# Line Out Converter Question



## MXracer115 (Jun 12, 2009)

I'm installing subs and a amp on my 2007 Toyota Tundra with the factory JBL Nav and amp. I know I need a LOC, i'm trying to find the best one for my application. With the factory amp, I can tie into the sub output with the LOC or the rear speaker output. Which one would be better? All of the LOC's out there and two channels, and i'd only be using one channel if I used the sub output on the factory amp, any help on this would be appreciated.


----------



## eskateboarding7 (Mar 18, 2009)

It's not going to matter if you grab sub or rear output. The only benefit I can see from grabbing on the sub out would be sub control from the JBL unit. Since you will be using the LOC as a mono channel, you can tie the left and right channels of the LOC together.


----------



## t3sn4f2 (Jan 3, 2007)

Don't Toyota JBL systems have balanced output into the factory amp?


----------



## MXracer115 (Jun 12, 2009)

why would a balanced output make a difference?


----------



## VP Electricity (Apr 11, 2009)

The Toy JBL systems I have tested the last few years - which do NOT include this specific vehicle - have a low-voltage balanced output from the HU to the amp. 

BUT - the amp has the preamp in it, and the voltage of the HU's output does not change with volume. I don't think the HU has F and R outputs either. There is a data line that controls the preamp inside the amp. 

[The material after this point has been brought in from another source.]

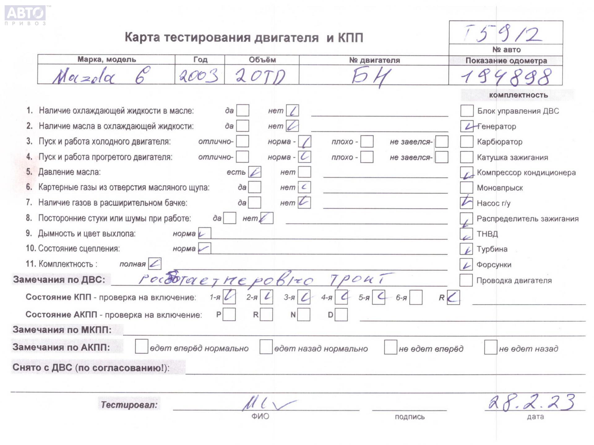 | Марка / Модель / Год: | Mazda 6 (2002-2007) GG/GY 2003 |

The reason you care is that all the JBL processing happens in the amp. If you use the balanced signal, it is flat and full-range and needs no de-processing. Much better potential SQ. 

You would need a volume knob, though. I would buy a Zapco SLB-U and a volume knob for it and use that, myself. 

That truck has a single sub? Many Toy JBL systems use the F 6x9 in the door as subs in stereo. 

I won't comment on your LOC needs other than to say most passive LOCs suck.

The best way to answer your question is with a pink noise test cd and a RTA setup.


----------



## MXracer115 (Jun 12, 2009)

I've been told my a few people that all i'd need is a LOC, they do make LOC's with adjustability, I'm def keeping my stock NAV, what do you think is the best way to add some RCA's so I can hook up my amp and subs?


----------



## VP Electricity (Apr 11, 2009)

Would you explain your system and what amp and such you are using? That would help me. 

Most people who tell you what to do with OE interface don't actually know what they are talking about.


----------



## 14642 (May 19, 2008)

Buy an amplifier with speaker level inputs and connect it to the OE amplifier's subwoofer output--orange and grey wires. Amp is under the passenger's seat. If you already have the amp and it doesn't include speaker level inputs, scheck to see if the inputs are differential and check to see what the maximum signal input voltage is. If it's c. 6V, hooking up to those wires directly is fine too.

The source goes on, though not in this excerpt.